A well known artificial general intelligence (AGI) test is near being solved. But the tests' creators say this means flaws within the test's design quite than an actual research breakthrough.
In 2019, Francois Chollet, a number one figure within the AI world, introduced the ARC-AGI benchmark, short for “Abstract and Reasoning Corpus for Artificial General Intelligence.” Designed to judge whether an AI system can efficiently acquire latest skills outside of the info it was trained on.
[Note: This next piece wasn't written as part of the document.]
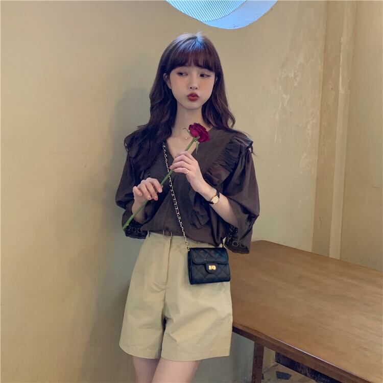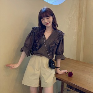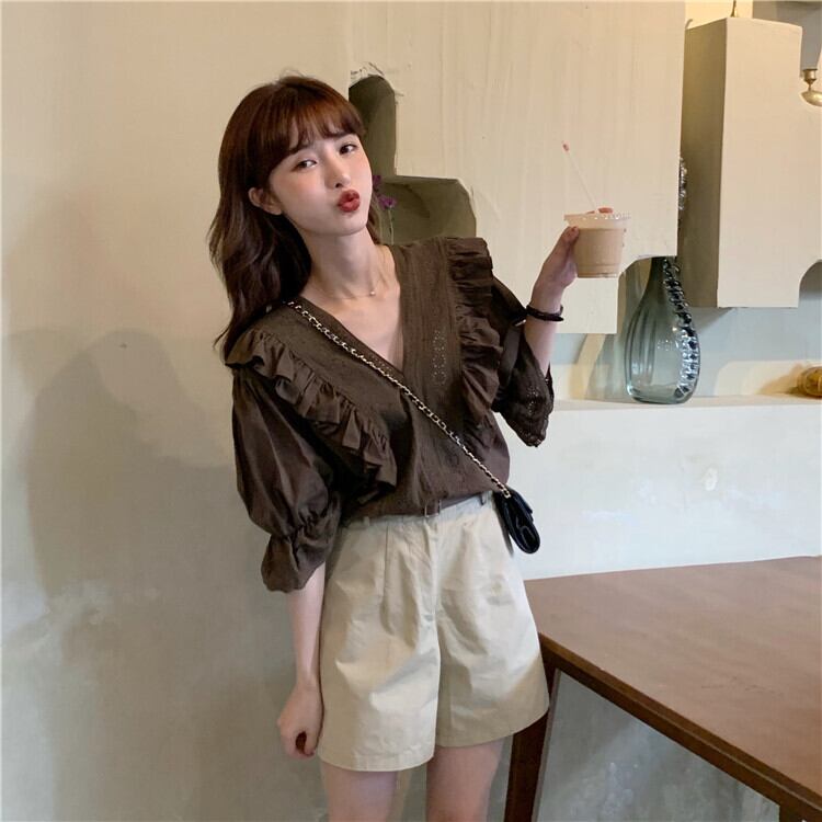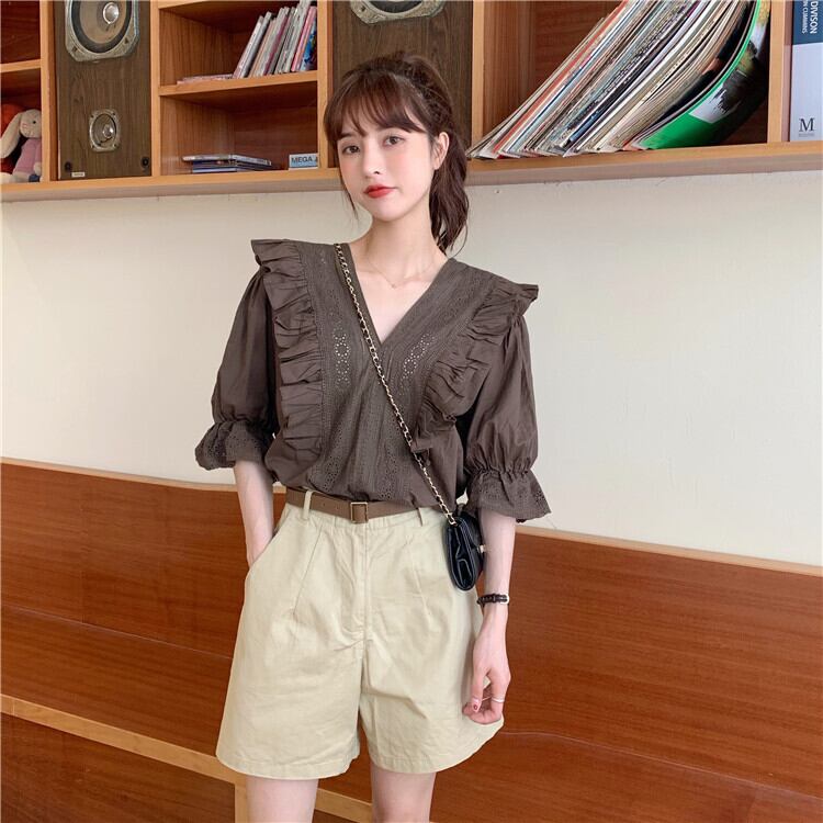 【韓国通販 dgo】フリルデザイン 半袖 ブラウス コーヒーカラー シャツ 女性 夏 2020 夏が楽しくなるトップス(A1359)

ARC AGIFrancois claims that it stays the one AI test that measures progress toward general intelligence (although other were suggested.)
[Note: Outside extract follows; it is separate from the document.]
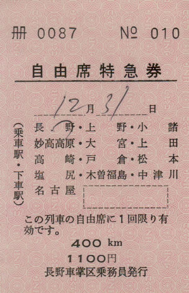 ▲▽▼ 国鉄 【 自由席 特急券 】 長野 400km まで

Until this 12 months, essentially the most powerful AI could only solve just below a 3rd of the tasks in ARC-AGI. Chollet blamed this on the industry's deal with large language models (LLMs), which he said are unable to attract real “inferences.”
“LLMs struggle with generalization because they rely entirely on memorization,” he says said in a series of posts on X in February. “They fail at all the pieces that wasn’t included of their training data.”
For Chollet, LLMs are statistical machines. With a number of examples, they learn patterns in these examples to make predictions, resembling the “to whom” normally comes before “it would mean something” in an email.
Chollet claims that while LLMs are able to memorizing “patterns of thought,” they’re unlikely to find a way to generate “latest arguments” based on novel situations. “If that you must learn many examples of a pattern, even whether it is implicit, with the intention to learn a reusable representation for it, that you must memorize it,” says Chollet argued in one other post.
To incentivize research beyond LLMs, Chollet and Zapier co-founder Mike Knoop launched a $1 million program in June Competition to develop open source AI that may beat ARC-AGI. Out of 17,789 entries, the highest scorer achieved a rating of 55.5% – about 20% higher than the highest scorer of 2023, although below the 85% “human level” threshold required for victory.
But that doesn't mean we're about 20% closer to AGI, says Knoop.
Today we announce the winners of the 2024 ARC Prize. We may also publish an in depth technical report on what we learned from the competition (link in next tweet).
The state-of-the-art rose from 33% to 55.5%, the most important one-year increase we now have seen since 2020. The…
— François Chollet (@fchollet) December 6, 2024
In one Blog postKnoop said that lots of the contributions submitted to ARC-AGI were capable of reach an answer “through brute force,” suggesting that a “large portion” of ARC-AGI tasks “don’t provide many useful signals for general intelligence.” .”
ARC-AGI consists of puzzle-like problems wherein an AI must generate the proper “answer” grid based on a grid of various coloured squares. The problems should force an AI to adapt to latest problems it hasn't seen before. But it just isn’t clear whether they may succeed.
“(ARC-AGI) has been unchanged since 2019 and just isn’t perfect,” Knoop acknowledged in his post.
Francois and Knoop also faced one another criticism for overvaluing ARC-AGI as a benchmark for AGI – at a time when the definition of AGI is hotly contested. An OpenAI worker recently claims that AGI has “already” been achieved if one defines AGI as AI that’s “higher than most humans at most tasks.”
Knoop and Chollet say that, along with a contest in 2025, they plan to release a second-generation ARC-AGI benchmark to deal with these issues. “We will proceed to focus the efforts of the research community on what we imagine are a very powerful unsolved problems in AI and speed up the timeline for AGI,” Chollet wrote in an X post.
The solution probably won't be easy. If the shortcomings of the primary ARC-AGI test are any indication, the definition of intelligence for AI will likely be just as stubborn – and flammable – similar to it was for people.